Saturday, August 23, 2014

A Dance In The Bubbles

I sat in the last of the day's heat, the sun melting behind the roof top. The week had been long and required more of me than I had to give. I breathed in the toasted air and something to my left caught my attention.

The newly bought bubble machine's engine was roaring on the table, but that's not what begged my attentiveness. Laughter from our daughter and our 4 year old spilled forth, but that's normal, too. It was our oldest son who made me stop in my proverbial tracks and gawk in silent awe. He stood in the eye of the storm of glistening tiny bubbles, arms held straight out and head thrown back toward the whispy-clouded sky. With eyes closed, he spun around and around in a dizzying dance to the rhythm of a song only he could hear.

I physically felt time suspend, felt the air lighten and heard the cicadas chant in time with his steps. The tears pierced my eyes and I knew the fight to withhold them was futile. I let them flow as I smiled at this precious gift God was lavishing on him, on me.

Maybe this sounds like something quite ordinary, and for two of my children it certainly is. They drink in life by overflowing cupfuls and binge on joy the size of mountains.

But our oldest, no--he usually watches from the sidelines, afraid something will go wrong. He might trip if he dances, and the bubble machine will eventually run out of bubbles. His is a world of "we should get some gas, Mom, so we don't run out" and "Did you pay too much for that?" And if you know us, you also know that these characteristics of anxiety and control were woven into his makeup, but they were somehow magnified when our little boy lost everything he knew. Namely his security. He worries himself into vomiting episodes, wakes with bloody noses, and suffers all too consistently with crippling head aches. We have spent the past year trying to remake our lives, trying to soothe the wounds that aren't easily seen.

But his have been the deepest.

Two months ago I decided I could not fix him and I desperately cried out for help. Anything that could help my son become a little boy again! I polled family and friends, even his previous teacher, on who he was before the storm. We all agreed that he walked lighter, smiled more, enjoyed life more. So, I reached out for help and our family took a steep step up a faith mountain. We found a therapist who does something special, something different than simply talking to her clients. Upon researching it, I discovered that it is viewed as hokey to some, but to those on whom it worked, it revolutionized their lives. It's called Eye Movement Desensitization and Reprocessing. I won't explain it here, but you're free to google it. (No negative comments on that, please.)
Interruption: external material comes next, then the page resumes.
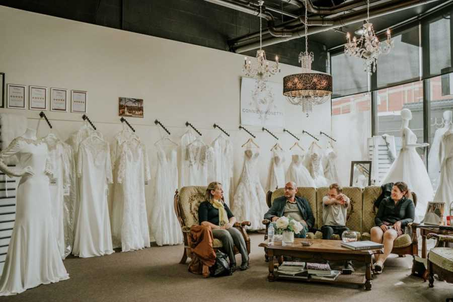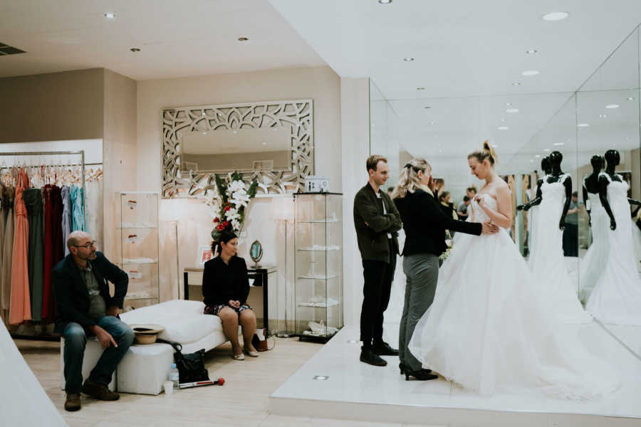 The biggest hurdle, however, was finding her dress. Without being able to browse photos or see herself in a mirror, Stephanie dreaded the process. But supported by her mom, bridesmaid, brother, dad, photographer James Day, and videographer Sean Tolhoek, who documented the journey, she found a way. Each time she stepped into a dress, her mom was guided to feel its details as the assistants described it. Stephanie touched the fabrics herself, paying attention to texture, comfort, and how each gown moved.

His first EMDR session was last Tuesday, and I felt like a nervous wreck in the waiting room. I couldn't be present for it because it would affect the treatment's outcome. But that boy came out grinning and his therapist told me that he did fantastic, and she had seen a moment of breakthrough with him in the middle of the hour. She said she could physically see his insides unwind like a spring being stretched at its coils.

I hoped that I would see some positive differences, but I wasn't ready to believe it just yet. The days that followed genuinely surprised me as I watched this boy who normally trudged around carrying the weight of obsessive compulsion and anxiety become calm, his face radiant with a smile. He suddenly stopped hovering over his siblings, trying to control their every move in fear that it would somehow affect his environment. He no longer cared if his brother had his Nabi or his favorite airplane; he'd just get something else. No head aches, nosebleeds, no stomach pains. Just like that. Gone.

It wasn't until tonight that I remembered how much he used to dance. His favorite lyrical backdrop was David Crowder's "Church Music" song. He'd put on break dance concerts in the living room as we bent over laugh-aching bellies. He used to sing, "Sing, sing, sing, and make mukis wif the hebens!" Of course, he had grown up considerably over the past few years and learned to pronounce his words more clearly, but he hadn't lost his love for celebrating life through songs.

And tonight I saw that little boy again. As hot tears of pure thanksgiving bathed my cheeks, I whispered, "Thank you" to my God who knows this boy better than I myself know him.

I know there will still be "off" days, and his therapy is not concluded yet. But tonight I'm not worried about tomorrow or Monday morning, or even Wednesday afternoon. I'm reveling in the healing that my God is doing in our son--the healing that only He could orchestrate. And my heart continues to dance in the bubbles.